[Material provided]

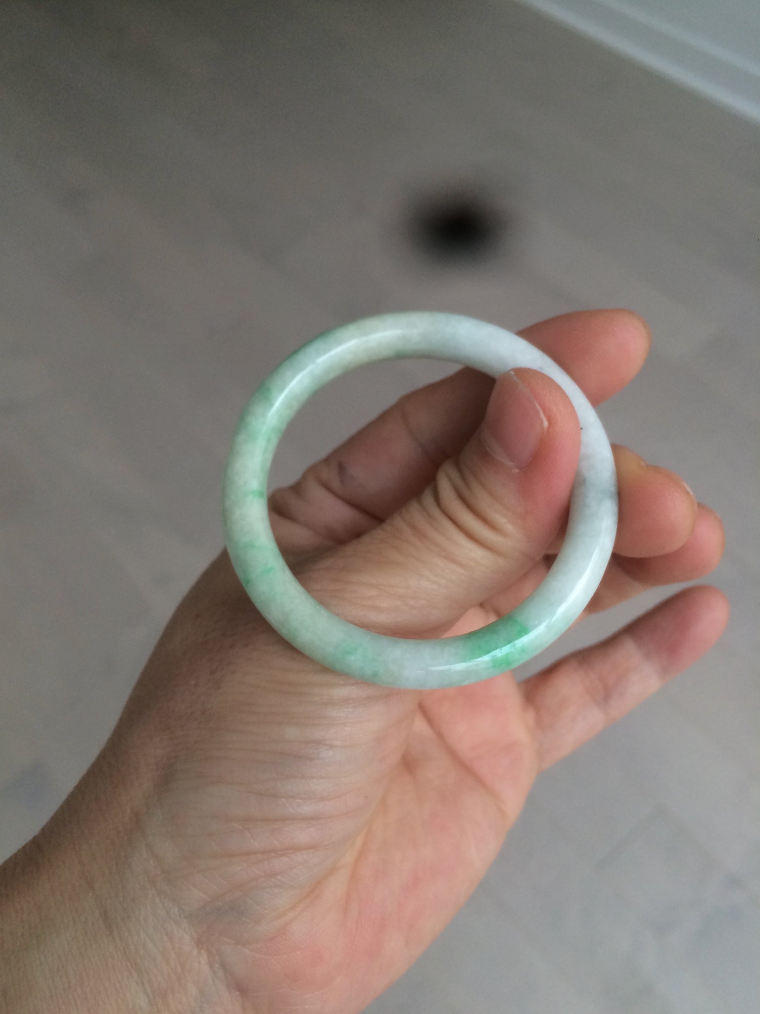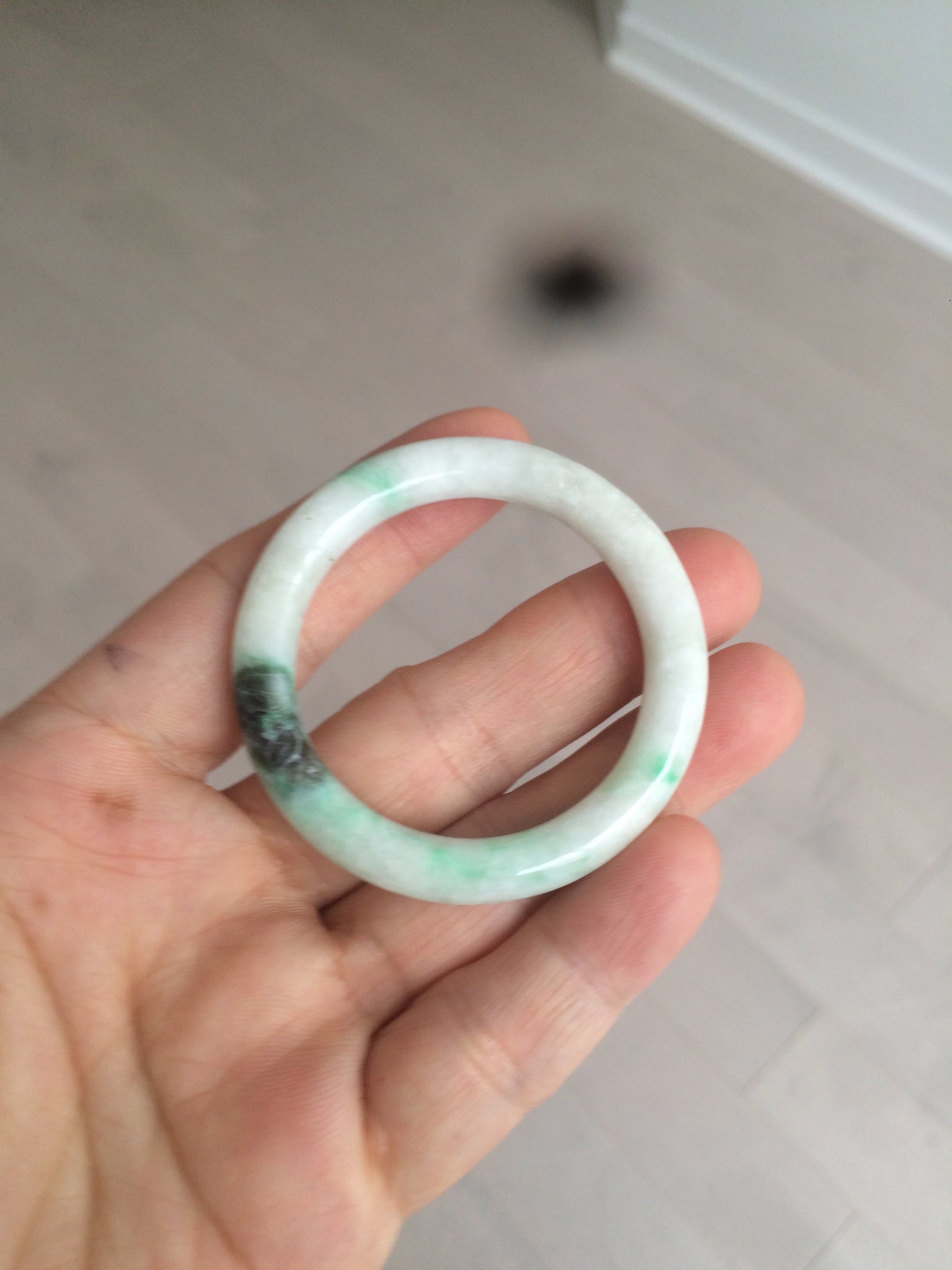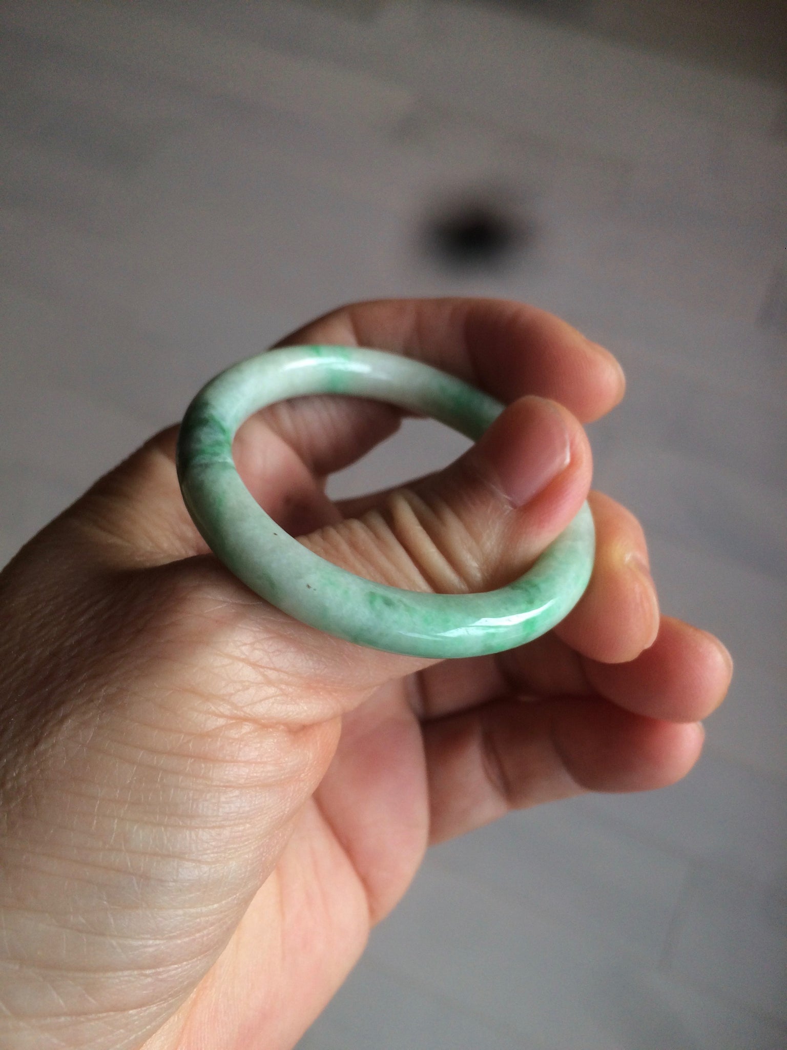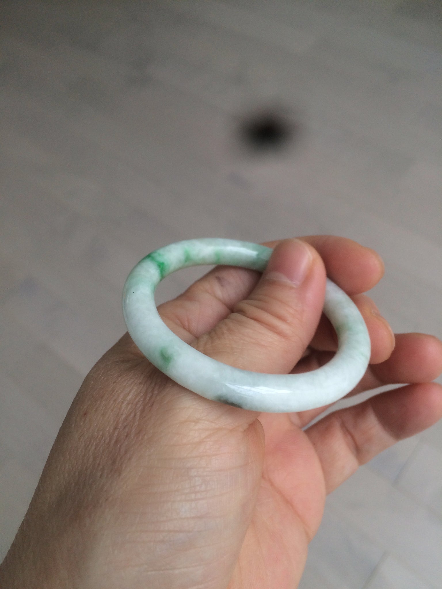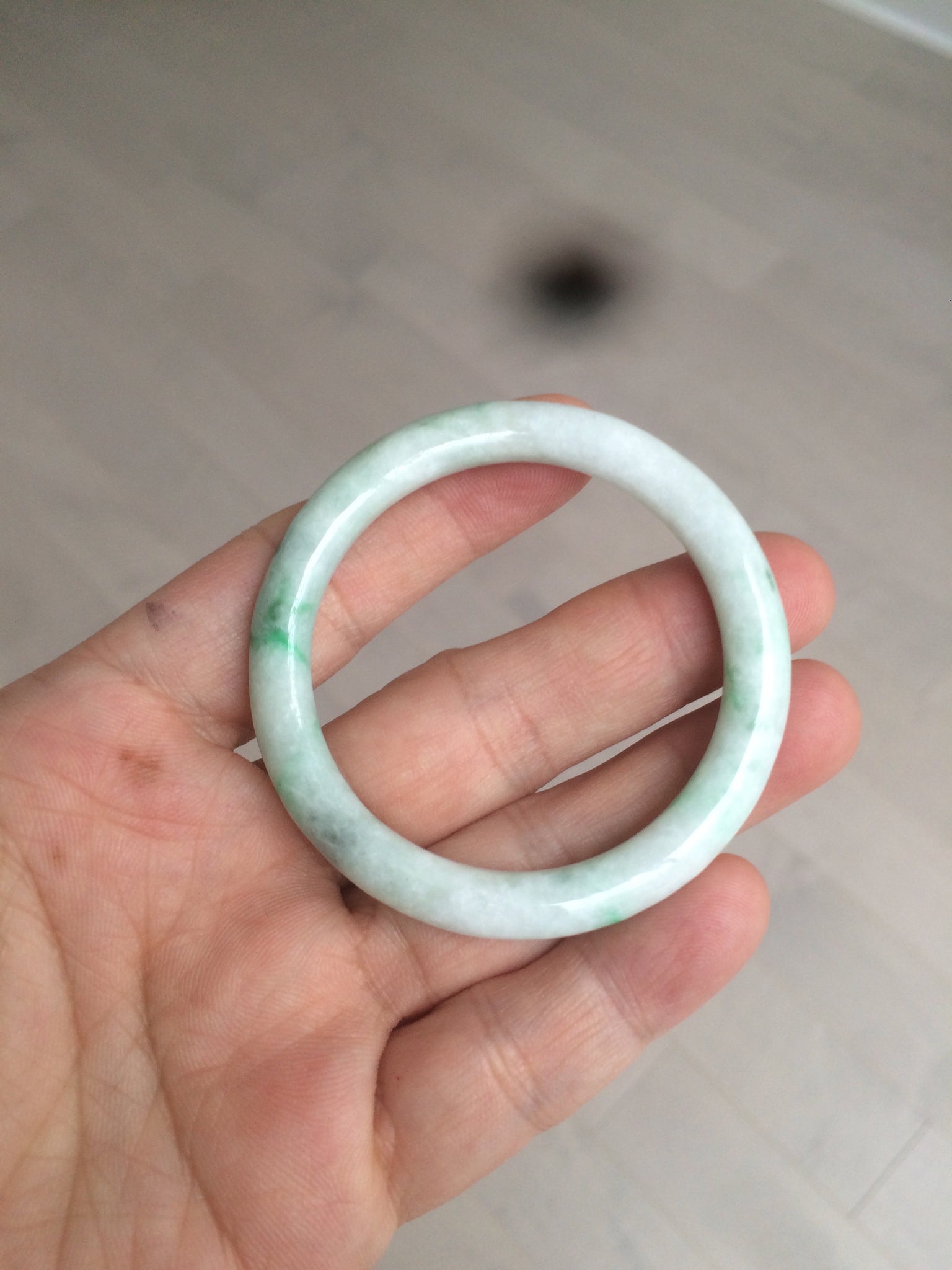 Flat round cut. The bangle is not perfectly round. The polishing job is less ideal. Some rough and dry surfaces. Cotton spots and lines.
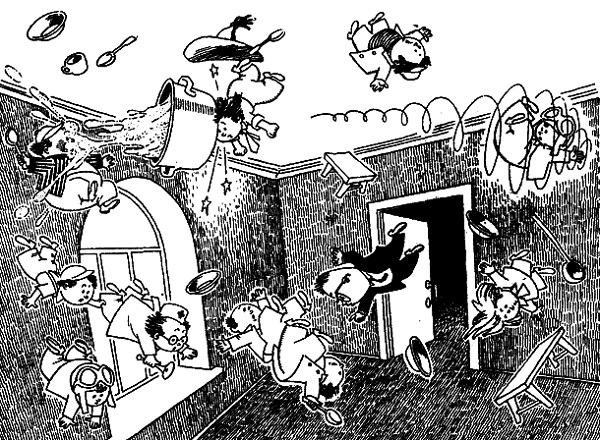 — Ну что за шутки ещё! — завизжал Пончик. — Прекратите сейчас же! У меня голова кружится! Почему стены шатаются? Почему всё перевернулось вверх дном?
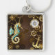 Brown wooden background with sea, mechanical ridge, an antique steering wheel, golden anchor and various gold and brass gears. Steampunk style.
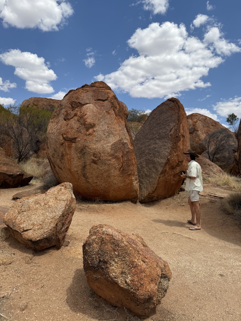 J’arrive le 19 Octobre sur Alice Springs après m’être arrêté aux ‘Devils Marbles‘ dans la réserve de Karlu-Karlu, ce sont des roches de granit en forme d’énormes billes formés par l’érosion depuis des milieu d’années et il y fait très, très, très chaud 🥵 Il y a plusieurs petits chemin balisés afin de faire le tour de ces gros cailloux. Conseil: Prends le nécessaire eau, chapeau et crème solaire avant de sortir de ton véhicule. Même si la marche n’est pas longue, j’y est attrapé mon plus beau coup de soleil. Et l’air me brûler les poumons.
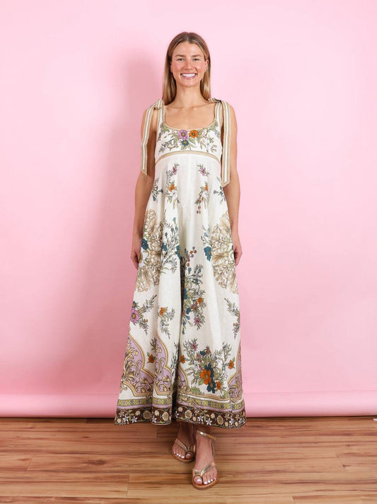 ALM Antoinette Linen Ballet Tie Shoulder Maxi Dress Sundress
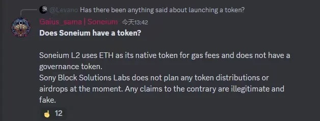 A8 :暂不确定。根据社区截图显示,社区管理员称,Soneium 将使用 ETH 作为其 L2 网络的 Gas 费用,暂无发行原生代币、代币空投等计划,但该内容目前已删除。
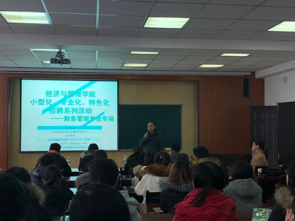 小型化、专业化、特色化招聘系列活动——财务管理专业专场在德扑楼419室成功举办,青岛啤酒山东大区财务总监王国清\青岛市政空间开发集团有限公司子公司财务总监李翠艳、东软集团股份有限公司山东大区财务总监高雪松、JSPACE LIMITED HONGKONG(青岛)财务总监薛红梅、青岛百年渡家族办公室有限公司行政经理孟丽君代表企业前来招聘。德州扑克俱乐部
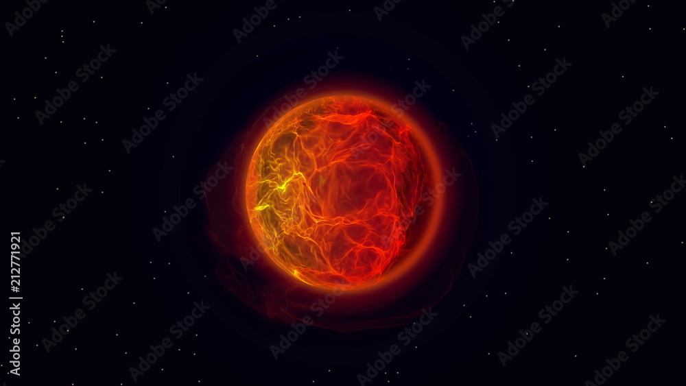 Fire planet in outer space. Burning sun with solar flares and energy charges. Rotating, ball beautiful tongues of fire and flame. Fire ball
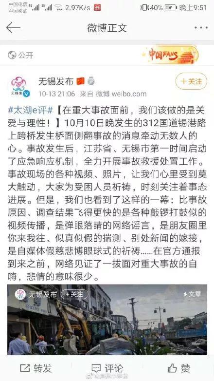 13日晚“無錫發(fā)布”發(fā)布了一篇評論《在重大事故面前,我們該做的是關愛與理性!》,讓輿情再次發(fā)酵。
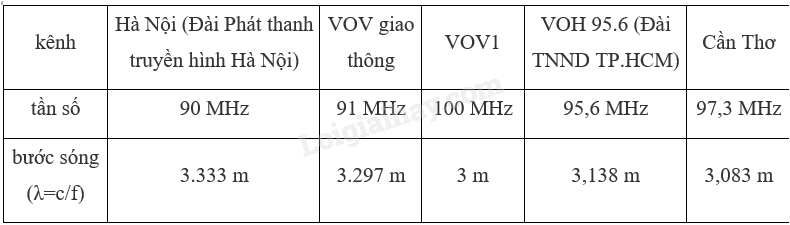 Tìm hiểu tần số của một số kênh truyền thanh ở Việt Nam và tính giá trị bước sóng của sóng điện từ được sử dụng.
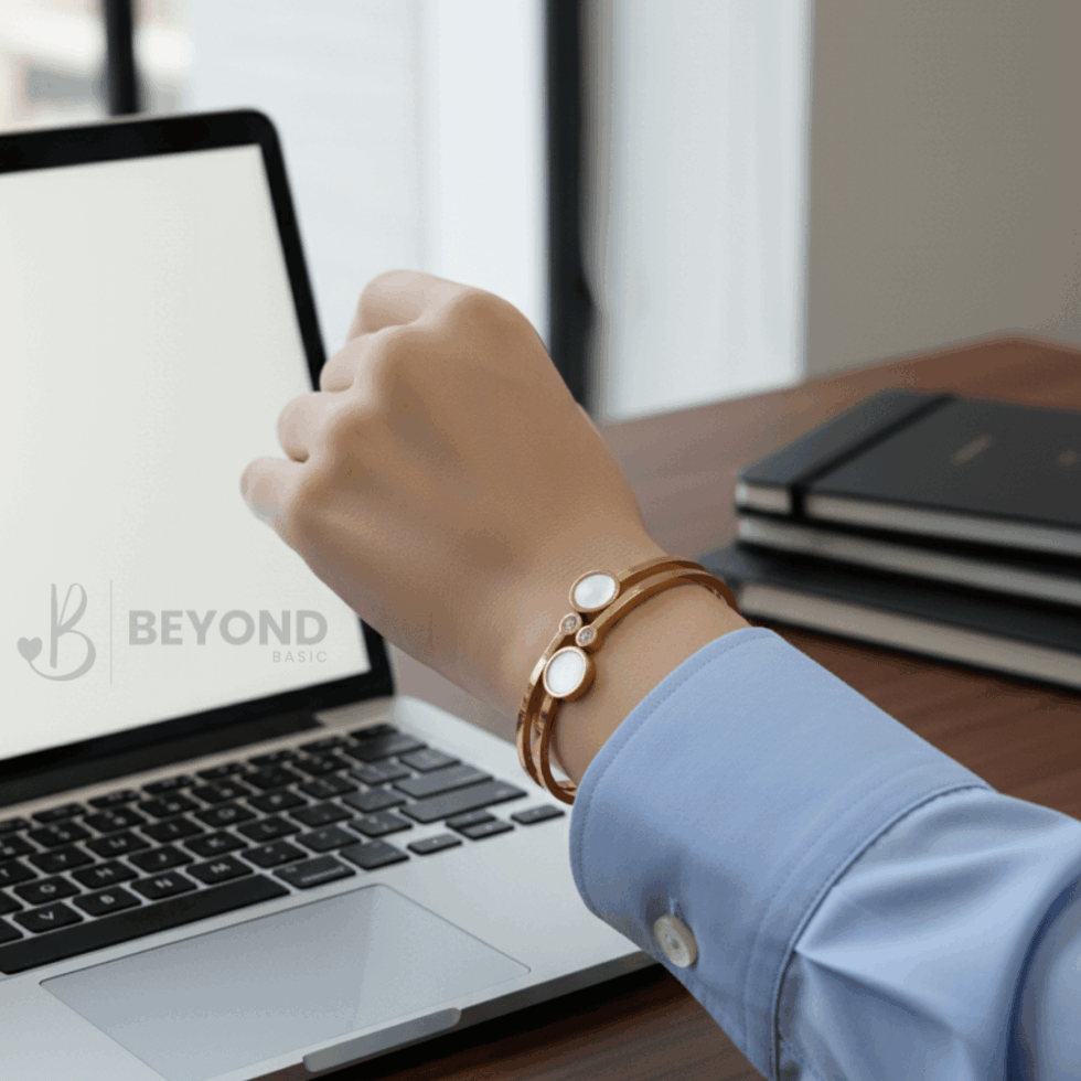 Lightweight and comfortable on the wrist, its structured yet minimal design makes it easy to style on its own or alongside your favorite bracelets. Thoughtfully finished and easy to wear, this piece reflects Beyond Basic’s approach to modern luxury — simple, versatile, and made to last.

[/Material provided]

*Activity*.
Quote all of the entries word for word, omitting any pictures.

*Reply to the task*.
 Flat round cut. The bangle is not perfectly round. The polishing job is less ideal. Some rough and dry surfaces. Cotton spots and lines.
 — Ну что за шутки ещё! — завизжал Пончик. — Прекратите сейчас же! У меня голова кружится! Почему стены шатаются? Почему всё перевернулось вверх дном?
 Brown wooden background with sea, mechanical ridge, an antique steering wheel, golden anchor and various gold and brass gears. Steampunk style.
 J’arrive le 19 Octobre sur Alice Springs après m’être arrêté aux ‘Devils Marbles‘ dans la réserve de Karlu-Karlu, ce sont des roches de granit en forme d’énormes billes formés par l’érosion depuis des milieu d’années et il y fait très, très, très chaud 🥵 Il y a plusieurs petits chemin balisés afin de faire le tour de ces gros cailloux. Conseil: Prends le nécessaire eau, chapeau et crème solaire avant de sortir de ton véhicule. Même si la marche n’est pas longue, j’y est attrapé mon plus beau coup de soleil. Et l’air me brûler les poumons.
 ALM Antoinette Linen Ballet Tie Shoulder Maxi Dress Sundress
 A8 :暂不确定。根据社区截图显示,社区管理员称,Soneium 将使用 ETH 作为其 L2 网络的 Gas 费用,暂无发行原生代币、代币空投等计划,但该内容目前已删除。
 小型化、专业化、特色化招聘系列活动——财务管理专业专场在德扑楼419室成功举办,青岛啤酒山东大区财务总监王国清\青岛市政空间开发集团有限公司子公司财务总监李翠艳、东软集团股份有限公司山东大区财务总监高雪松、JSPACE LIMITED HONGKONG(青岛)财务总监薛红梅、青岛百年渡家族办公室有限公司行政经理孟丽君代表企业前来招聘。德州扑克俱乐部
 Fire planet in outer space. Burning sun with solar flares and energy charges. Rotating, ball beautiful tongues of fire and flame. Fire ball
 13日晚“無錫發(fā)布”發(fā)布了一篇評論《在重大事故面前,我們該做的是關愛與理性!》,讓輿情再次發(fā)酵。
 Tìm hiểu tần số của một số kênh truyền thanh ở Việt Nam và tính giá trị bước sóng của sóng điện từ được sử dụng.
 Lightweight and comfortable on the wrist, its structured yet minimal design makes it easy to style on its own or alongside your favorite bracelets. Thoughtfully finished and easy to wear, this piece reflects Beyond Basic’s approach to modern luxury — simple, versatile, and made to last.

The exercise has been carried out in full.